> **DESCRIPTION OF THE TASK**:
For the records that follow, please set down exactly the lines between the one holding "Bissú Blush 4g" and the one holding "HXGN□-12(VEI)箱", inclusive, and only those.

> **MATERIAL FOR THIS TASK**:
= Beginning of Section =

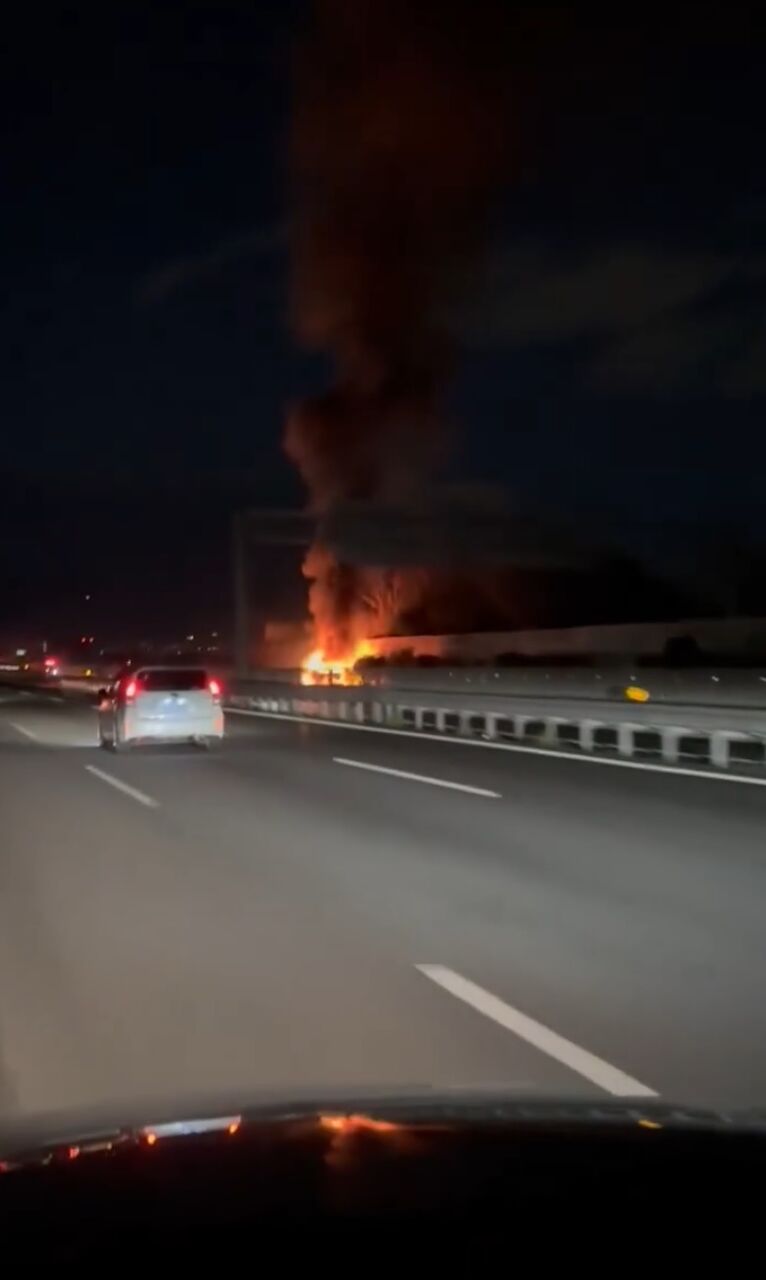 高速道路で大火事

= End of Section =
= Beginning of Section =

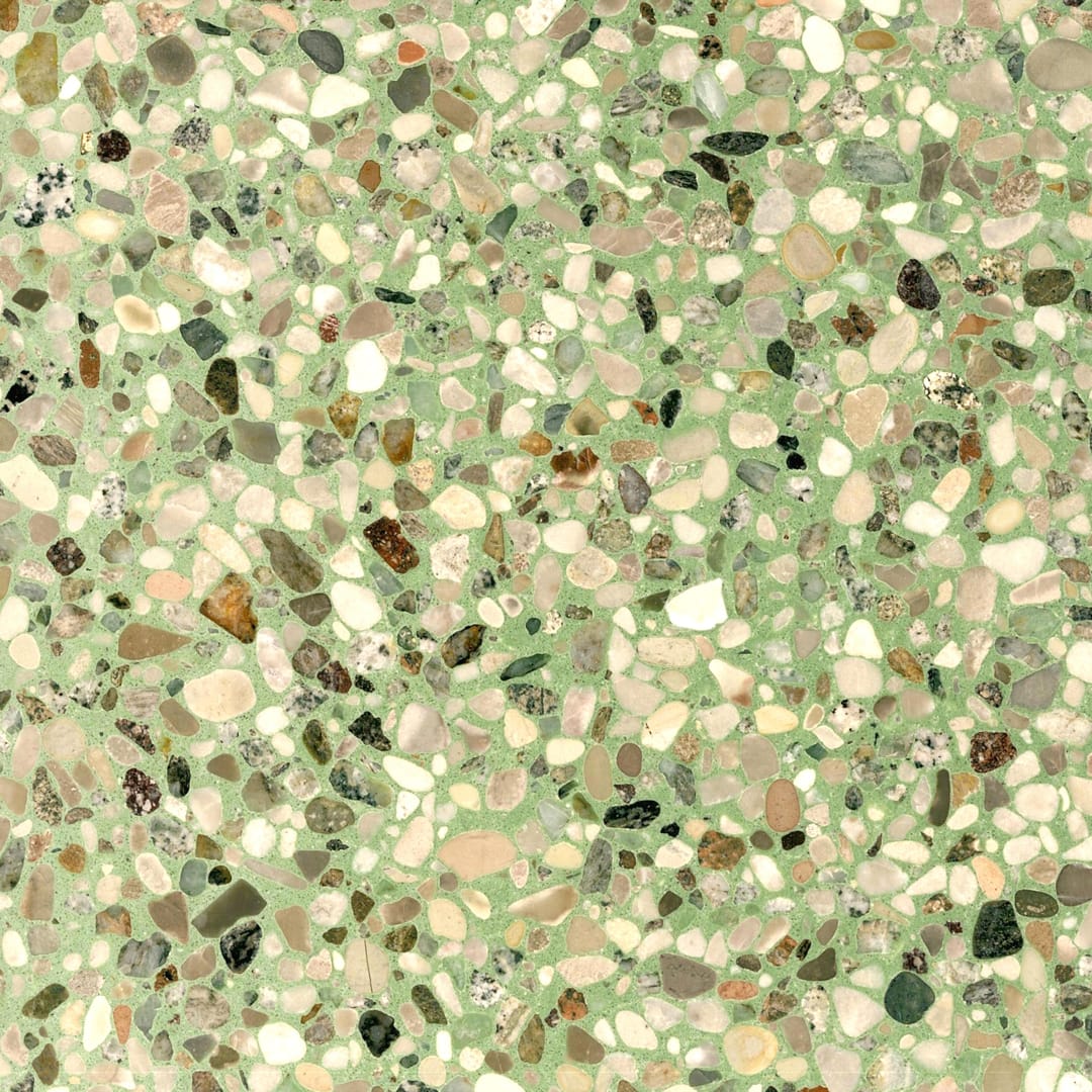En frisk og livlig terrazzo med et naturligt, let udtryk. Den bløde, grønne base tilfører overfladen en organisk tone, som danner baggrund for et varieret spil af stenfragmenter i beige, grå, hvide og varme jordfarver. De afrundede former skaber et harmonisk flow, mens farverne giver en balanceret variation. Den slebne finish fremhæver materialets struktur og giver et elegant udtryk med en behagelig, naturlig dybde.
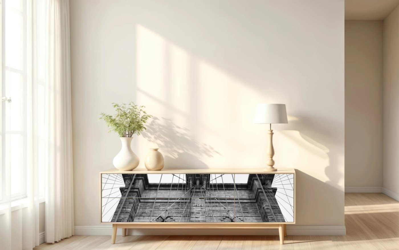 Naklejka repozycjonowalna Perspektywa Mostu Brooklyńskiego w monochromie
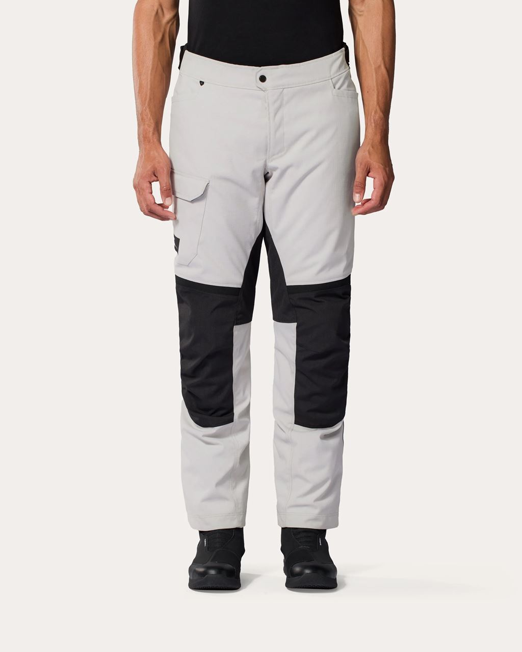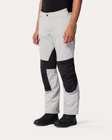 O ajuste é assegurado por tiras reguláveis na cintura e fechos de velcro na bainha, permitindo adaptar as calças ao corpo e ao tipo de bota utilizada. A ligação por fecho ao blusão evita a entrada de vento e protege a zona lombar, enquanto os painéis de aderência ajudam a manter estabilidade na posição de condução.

= End of Section =
= Beginning of Section =

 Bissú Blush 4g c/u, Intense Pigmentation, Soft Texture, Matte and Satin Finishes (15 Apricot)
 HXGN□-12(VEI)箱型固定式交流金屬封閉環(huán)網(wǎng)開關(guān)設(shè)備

= End of Section =

> **ANSWER TO THIS TASK**:
 Bissú Blush 4g c/u, Intense Pigmentation, Soft Texture, Matte and Satin Finishes (15 Apricot)
 HXGN□-12(VEI)箱型固定式交流金屬封閉環(huán)網(wǎng)開關(guān)設(shè)備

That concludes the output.